I like to pretend Al Bundy, witnessing the mob hit of his wife Peg, had to join the witness protection program, moved to California under the name of Jay Pritchett. Bud and Kelly came along with him and changed their names to Mitchell and Claire. Thus Modern Family is actually a sequel to Married with Children and not a separate universe.
On the comics pages, Sally Forth and Judge Parker are now written by the same person. Which makes me suspect that the Forths eventually carry out their plan of becoming rich by changing their name and moving and just telling everyone they’re rich.

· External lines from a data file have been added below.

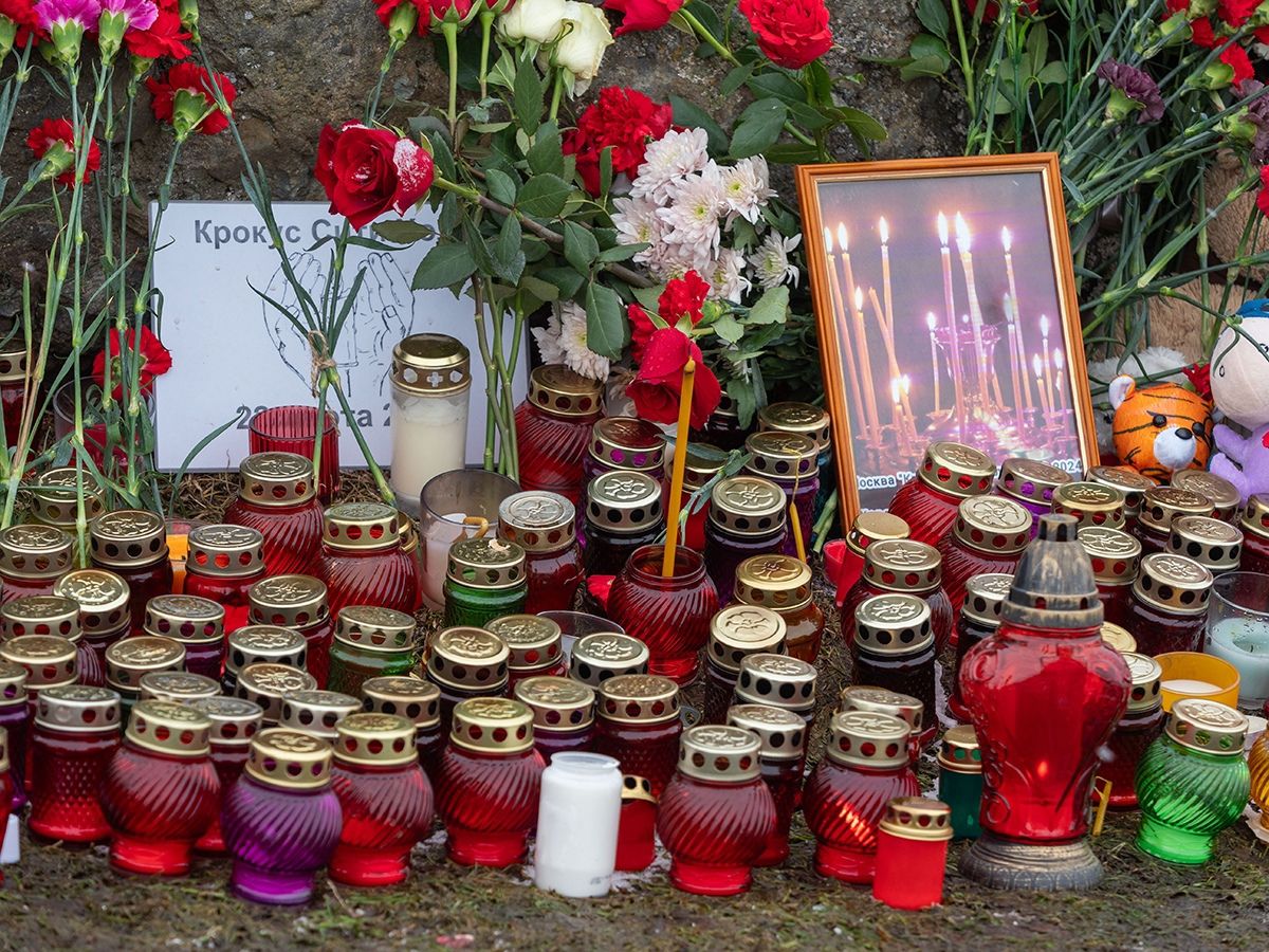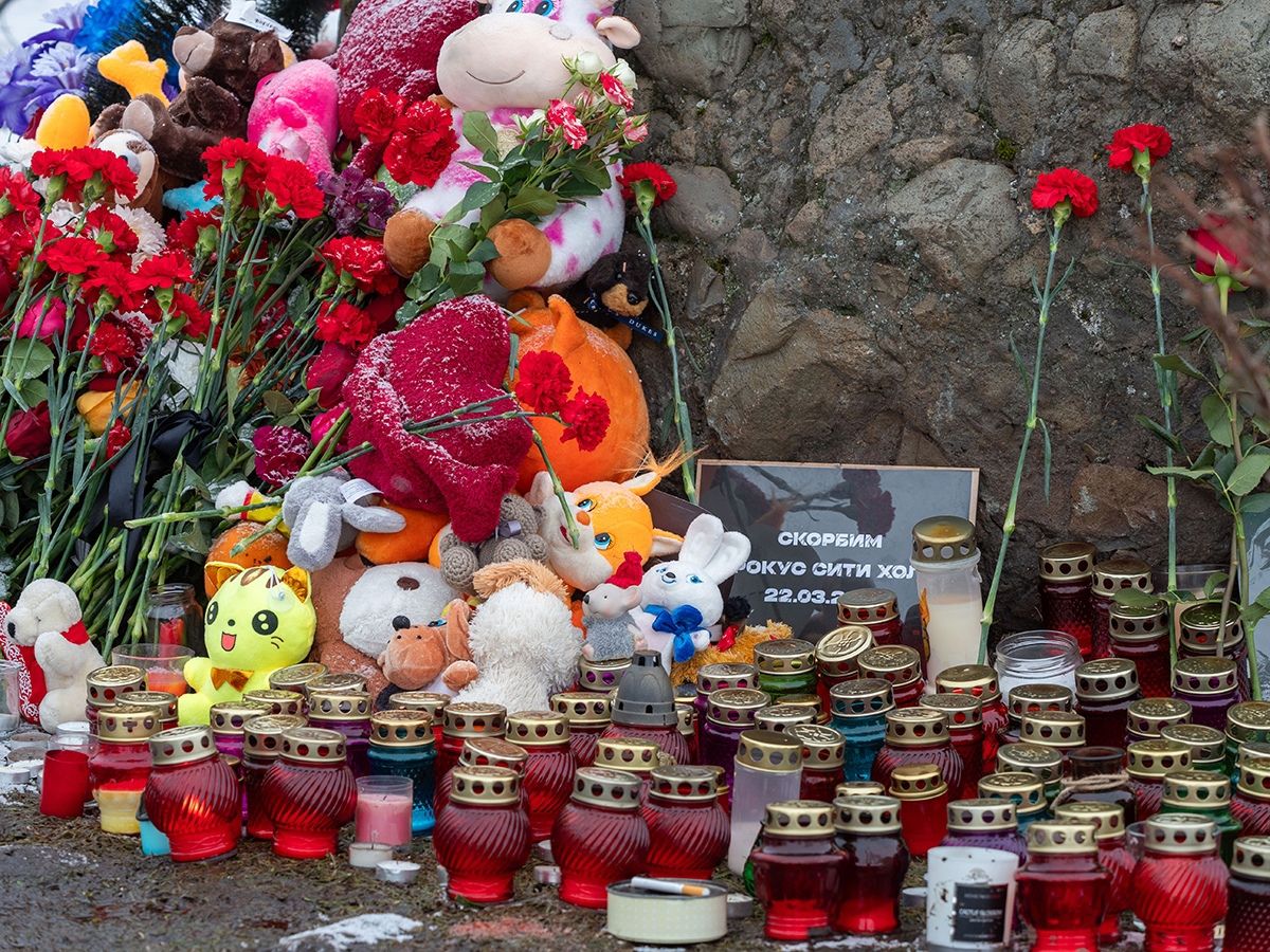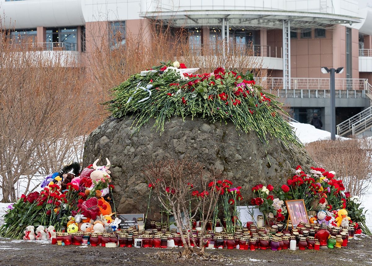 Сегодня, в день общенационального траура, поток людей к памятному месту не иссякает. Горожане приходят целыми семьями с детьми, чтобы выразить поддержку тем, кто потерял родных в трагедии в Подмосковье.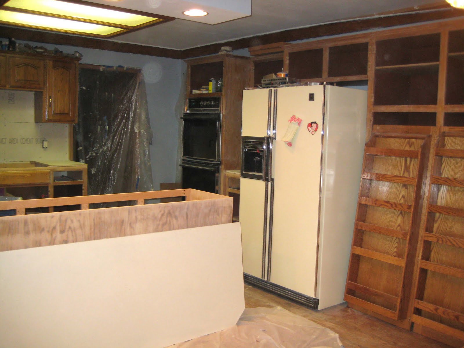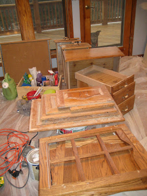 We chose to resurface the cupboards instead of refinish them. Resurfacing means to sand the existing finish and apply a new coat of stain. Refinishing means to sands down to the original wood with a heavy sand paper. The purpose of refinishing is to remove all deep nicks, scrapes, scratches, stains, etc. Our cupboards were in pretty good condition, so we chose to go the easy route of resurfacing. We will have to refinish the floor when we get to that part.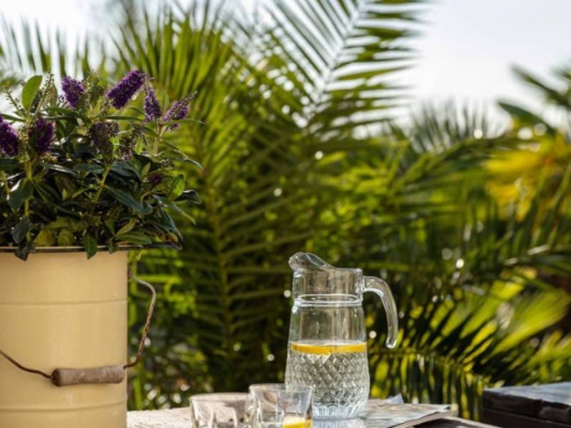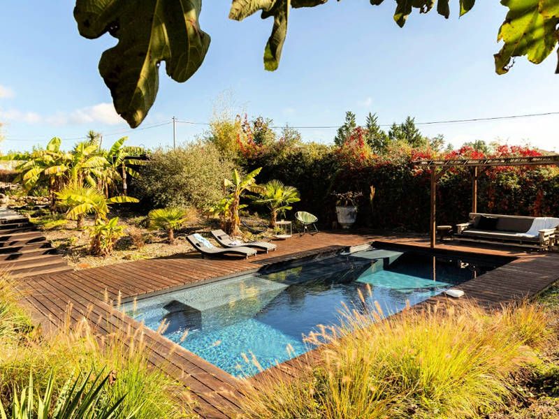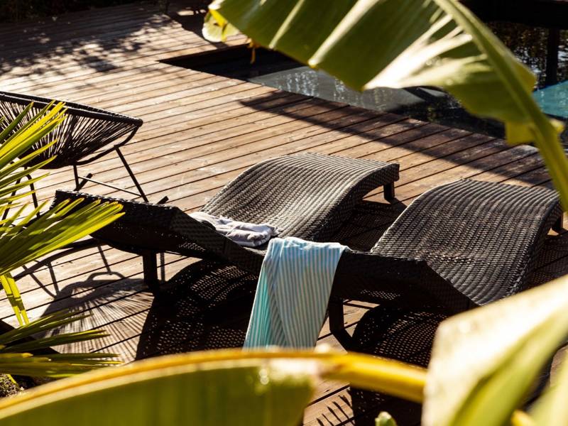 La Villa Saint Martin dispose d'un joli jardin avec plusieurs terrasses, certaines sont couvertes, les autres terrasses sont exposées au soleil. Le jardin est agrémenté de plantes tropicales, mais il y a aussi des prairies où les enfants peuvent jouer. Il y a un certain nombre de balançoires et une tente pour jouer et à proximité se trouve une aire de jeux avec table de ping-pong, terrain de football et court de tennis du village. La Villa Saint Martin dispose d'une belle piscine privée de 4x8m, de 1,5 m de profondeur, d'eau salée, avec un espace de jeu/lecture en eau peu profonde. La piscine est sécurisée par une alarme d'eau - la terrasse en bois attenante à la maison (avec salons extérieurs et table à manger) offre de larges vues panoramiques. De plus, un barbecue est disponible.

Speaking of MTM and the topic in general: I believe it was openly speculated—in newspaper and magazine articles, at least, which was “media” back then—when the MTM Show began, that the reason Mary had moved to Minneapolis was that she’d divorced Dick Van Dyke.
On a few occasions a star of a sitcom would appear as themselves, the actor, in addition to their character. Robert Cummings, Lucille Ball, and Robin Williams all did this. I am assuming that the fictional versions of the actors had a resume that did not include the shows they were currently on.
One year NBC had a preview of new and possibly returning shows. The format was that Chico and The Man, in character, were touring the NBC Studios and finding out about all of the shows. At the end whomever was guiding them mentioned the show Chico And The Man. The characters responded that they were always busy at the time the show aired so they weren’t watching TV. But apparently their own TV show was still a TV show in their universe.
A TV tradition that goes back at least to George Burns and Gracie Allen, where Burns would sit in his den watching what was happening to the other characters and commenting to the audience.
The most complicated of all the inter TV relationships was the Beverly Hillbillies/Petticoat Junction/Green Acres multiverse where the Green Acres characters would see the opening titles painted on the barn or floating in mid-air in front of them, while no one else in Hooterville was aware of it.
There was an episode of The Honeymooners in which both Ralph and Norton are fans of Jackie Gleason and Art Carney, and both of them play themselves, going off camera and changing clothes, then coming back and interacting with the other. Can’t remember the episode title, and if it was one of the Lost Episodes or not. Old-school meta.
On 30 Rock, Liz Lemon’s mother once mentioned that she worked at Sterling Cooper, the ad agency from Mad Men.
A few seasons later on Mad Men, Ted Chaough ordered an “Old Spanish” - a cocktail first mentioned on 30 Rock (containing red wine, tonic water, and olives).
Here we are in the year of our Lord, two-thousand twenty-five, and I just now realized the connection between Sally Forth the comic and sally forth the idiom. I saw your post and suddenly a connection was formed in my brain. I think I need to sit down and see what other revelations come to me.